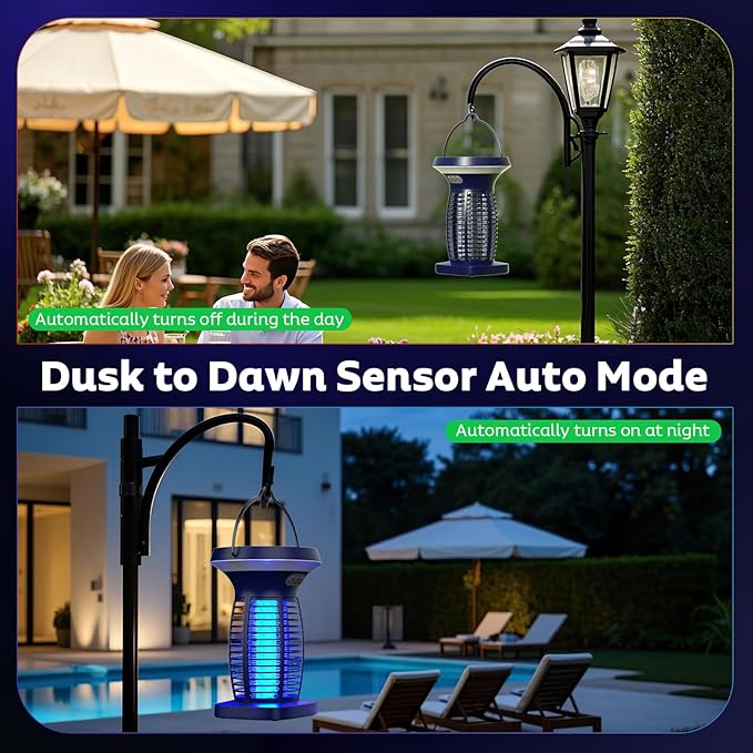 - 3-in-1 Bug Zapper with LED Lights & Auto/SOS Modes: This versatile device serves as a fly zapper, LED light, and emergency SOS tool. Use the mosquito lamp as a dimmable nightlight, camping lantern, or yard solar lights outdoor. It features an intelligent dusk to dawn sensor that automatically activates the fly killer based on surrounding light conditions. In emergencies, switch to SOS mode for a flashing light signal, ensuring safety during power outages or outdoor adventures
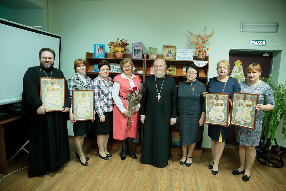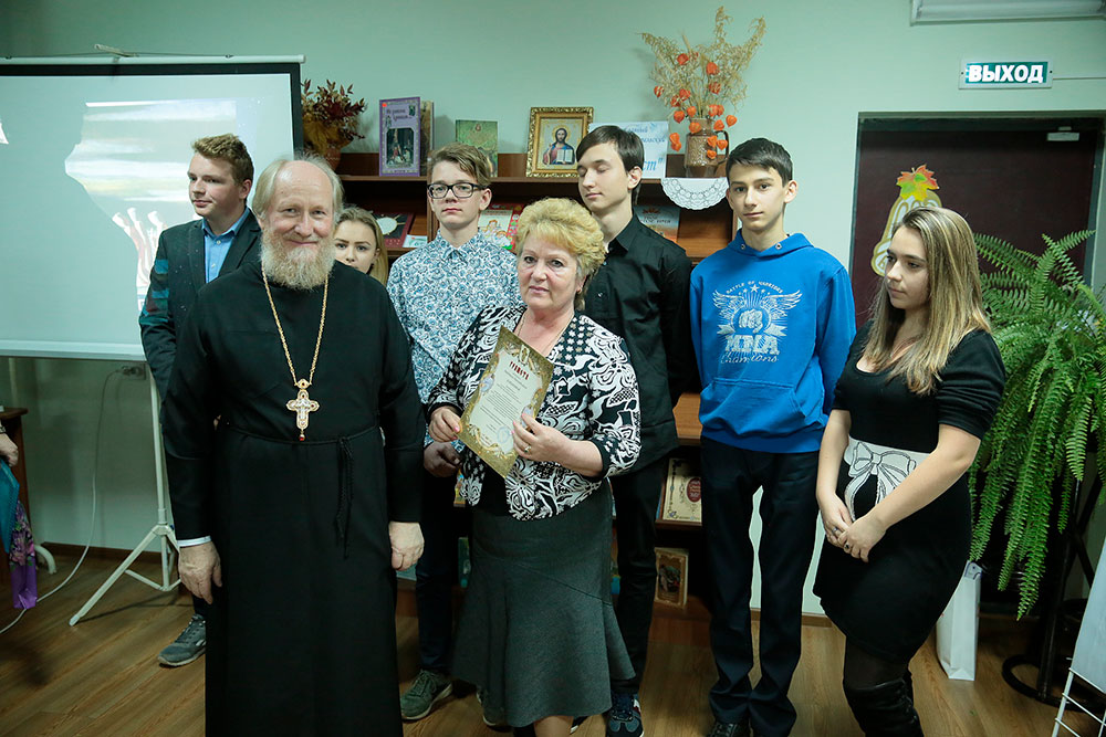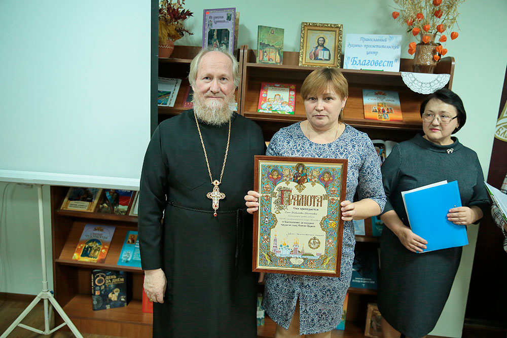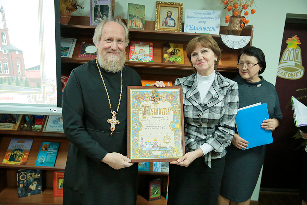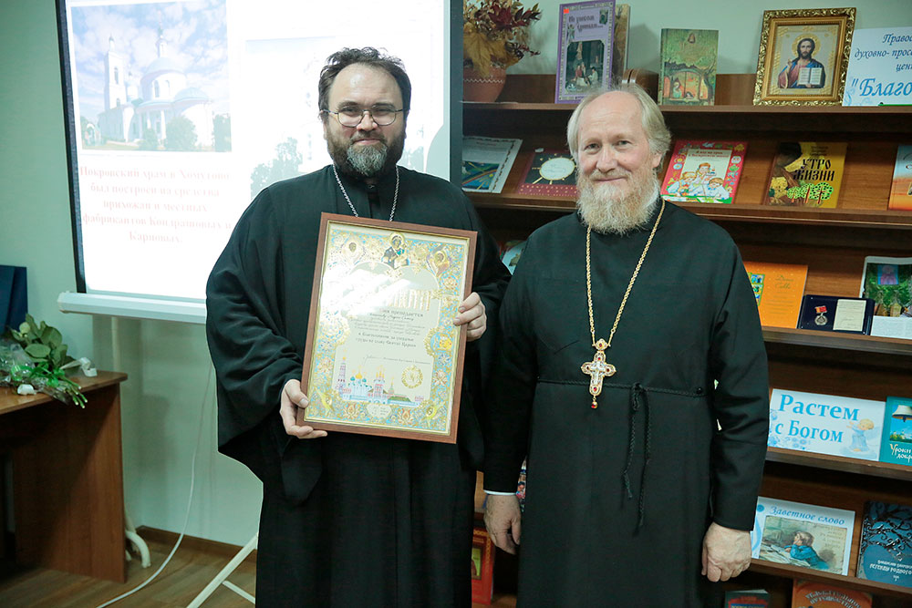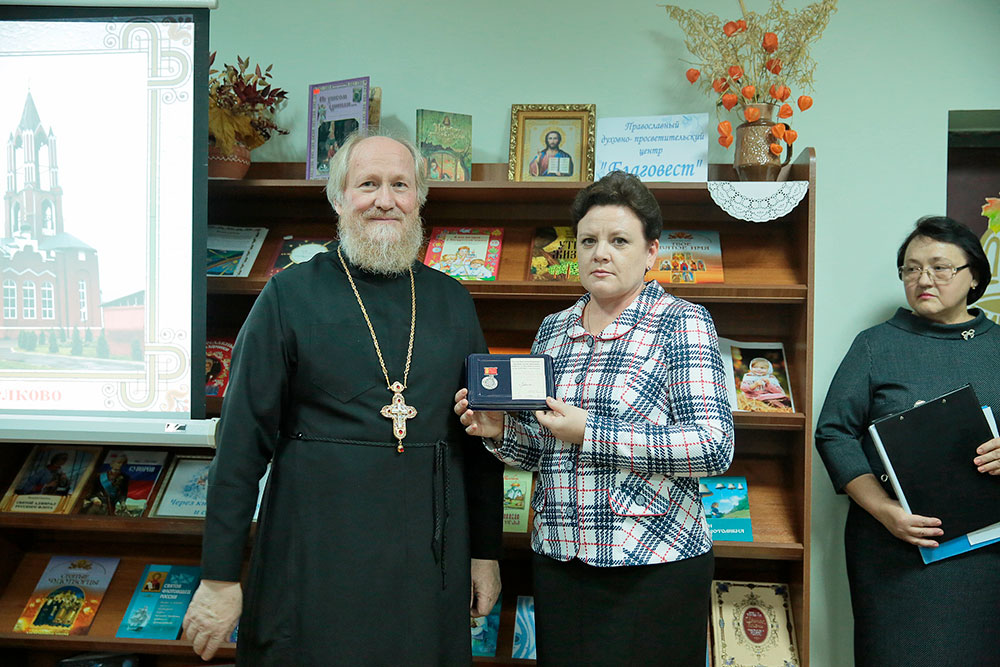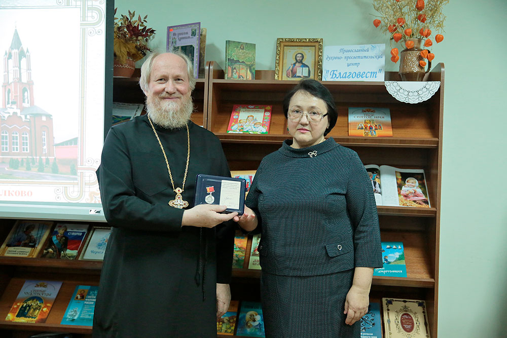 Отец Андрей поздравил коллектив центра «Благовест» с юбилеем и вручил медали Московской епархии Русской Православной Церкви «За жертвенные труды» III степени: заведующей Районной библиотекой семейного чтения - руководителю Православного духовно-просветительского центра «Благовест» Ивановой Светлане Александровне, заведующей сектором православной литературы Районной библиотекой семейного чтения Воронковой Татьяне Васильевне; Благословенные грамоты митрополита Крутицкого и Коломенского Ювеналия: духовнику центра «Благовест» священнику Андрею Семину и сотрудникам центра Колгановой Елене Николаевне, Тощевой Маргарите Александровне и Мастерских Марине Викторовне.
*-*-*
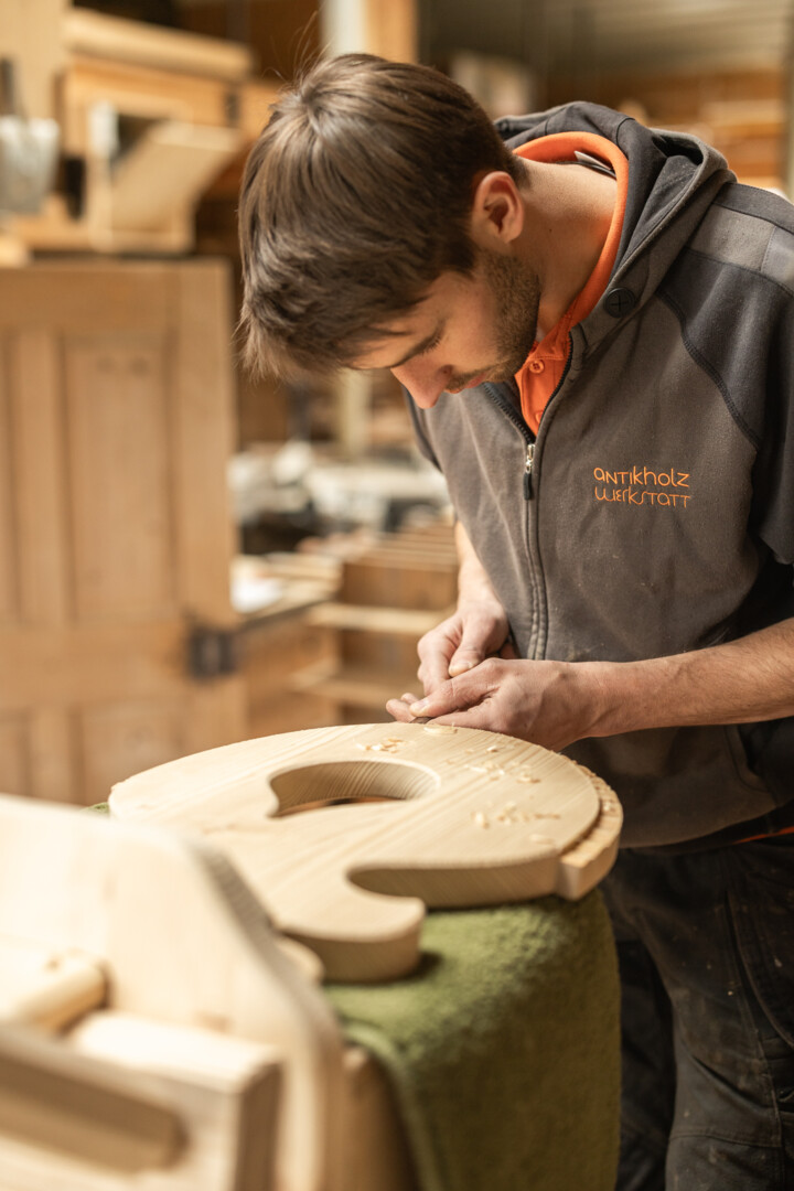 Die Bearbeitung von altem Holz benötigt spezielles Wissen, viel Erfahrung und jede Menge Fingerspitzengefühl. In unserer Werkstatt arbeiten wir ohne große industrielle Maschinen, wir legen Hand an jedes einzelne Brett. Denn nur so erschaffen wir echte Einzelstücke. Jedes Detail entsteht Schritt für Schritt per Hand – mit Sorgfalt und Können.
*-*-*
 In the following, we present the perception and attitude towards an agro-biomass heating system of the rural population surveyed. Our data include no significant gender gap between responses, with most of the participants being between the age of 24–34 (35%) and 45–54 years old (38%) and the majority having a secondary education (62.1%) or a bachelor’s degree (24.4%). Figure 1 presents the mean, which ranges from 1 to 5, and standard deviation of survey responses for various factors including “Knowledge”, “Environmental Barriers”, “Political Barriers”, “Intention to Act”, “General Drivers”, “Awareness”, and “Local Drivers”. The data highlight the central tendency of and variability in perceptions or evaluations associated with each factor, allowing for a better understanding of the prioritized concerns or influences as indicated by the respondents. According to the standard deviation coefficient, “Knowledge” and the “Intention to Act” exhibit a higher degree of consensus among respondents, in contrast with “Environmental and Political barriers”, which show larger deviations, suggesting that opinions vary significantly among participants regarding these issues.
*-*-*
WHAT YOU SHOULD DO: Beginning at the line above that contains "- 3-in-1 Bug" and going on through the line that contains "Отец Андрей поздравил", please copy every line exactly, leaving the pictures out and adding nothing.

ANSWER FOR THIS EXERCISE:
 - 3-in-1 Bug Zapper with LED Lights & Auto/SOS Modes: This versatile device serves as a fly zapper, LED light, and emergency SOS tool. Use the mosquito lamp as a dimmable nightlight, camping lantern, or yard solar lights outdoor. It features an intelligent dusk to dawn sensor that automatically activates the fly killer based on surrounding light conditions. In emergencies, switch to SOS mode for a flashing light signal, ensuring safety during power outages or outdoor adventures
 Отец Андрей поздравил коллектив центра «Благовест» с юбилеем и вручил медали Московской епархии Русской Православной Церкви «За жертвенные труды» III степени: заведующей Районной библиотекой семейного чтения - руководителю Православного духовно-просветительского центра «Благовест» Ивановой Светлане Александровне, заведующей сектором православной литературы Районной библиотекой семейного чтения Воронковой Татьяне Васильевне; Благословенные грамоты митрополита Крутицкого и Коломенского Ювеналия: духовнику центра «Благовест» священнику Андрею Семину и сотрудникам центра Колгановой Елене Николаевне, Тощевой Маргарите Александровне и Мастерских Марине Викторовне.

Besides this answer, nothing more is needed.